A traditional Halloween recipe, this dish serves 8-10 people so is ideal for a lovely friends and family celebration. Super easy to make, just use your Le Creuset large casserole. This soup freezes well and can also be stored in the fridge for up to 4 days.
Preparation time: 15 minutes
Cooking time: Approx. 1 hour 40 minutes
Serves 8 - 10
2kg pumpkin, chopped 1 head of garlic, sliced in half 2 red onions, diced 10g thyme, leaves picked ½ tsp (2.5ml) ground nutmeg Salt and pepper to season Olive oil 1.5L vegetable stock
To serve: Cream Fresh thyme Baquette
Preheat the oven to 180°C.
Place all the ingredients, except the stock, in a large Le Creuset baking tray. Drizzle generously with olive oil and mix together, ensuring all the ingredients are coated. Place in the oven and roast for an hour and a half, checking regularly that the vegetables don't catch. Once cooked, remove from the oven, and place the contents of the tray into a large casserole (remove the skin of the garlic). Pour the stock over and on a medium heat, bring to the boil. Redeuce the heat and simmer for 10 minutes to allow all the flavours to combine.

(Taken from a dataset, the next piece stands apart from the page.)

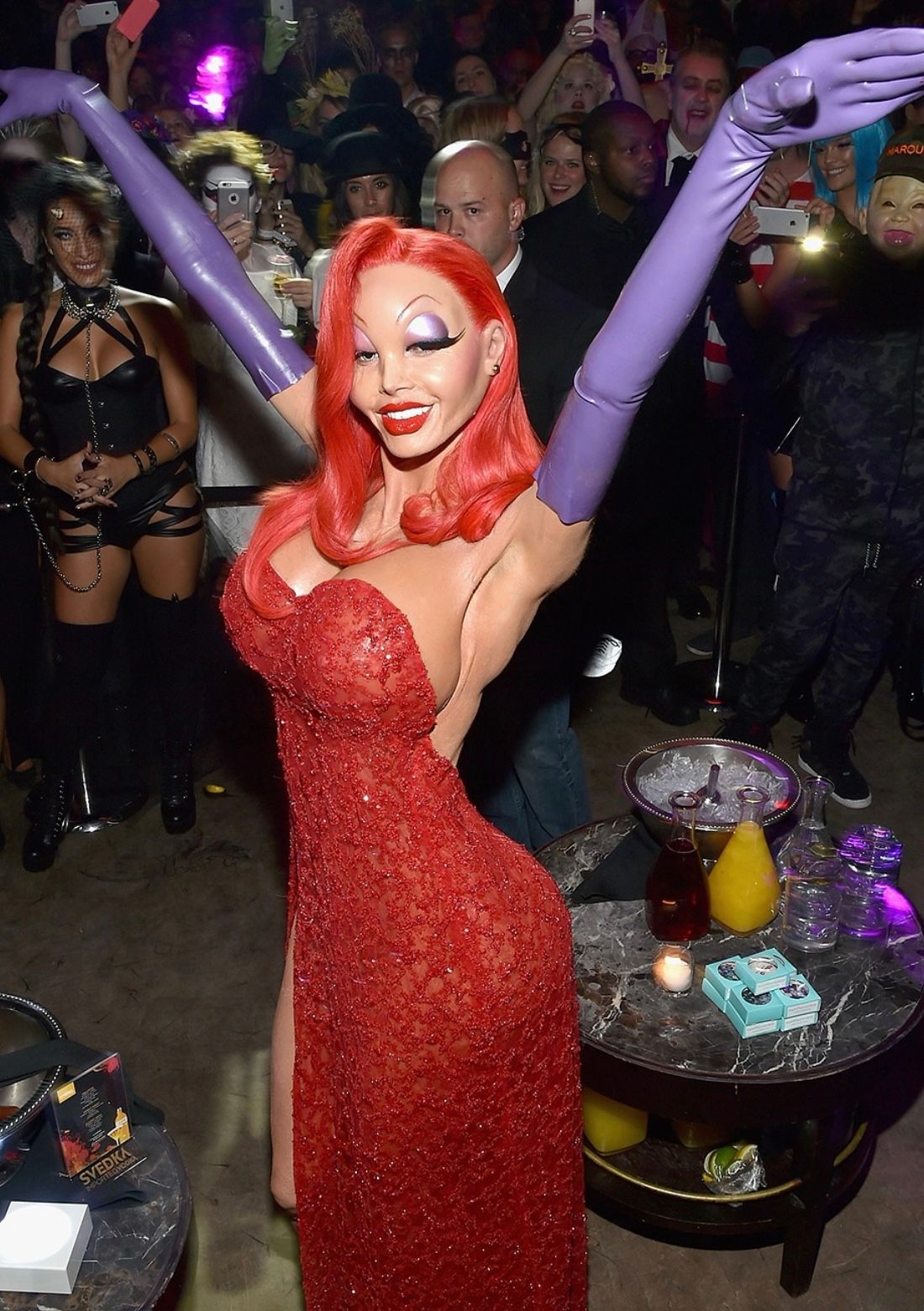 She dressed as the fictional movie character Jessica Rabbit in a gown designed by Christian Siriano

Using a stick blender or jug blender, blend the soup until smooth and silky. Season to taste.
Serve with a drizzle of fresh cream, picked thyme and a crusty ciabatta or baquette. Serve in the Le Creuset 20cm Pumpkin Casserole.
The soup freezes well and will last stored in the fridge for up to 4 days. Add chilli and ginger to the roasting process and finish off with coconut cream to mix up the flavour.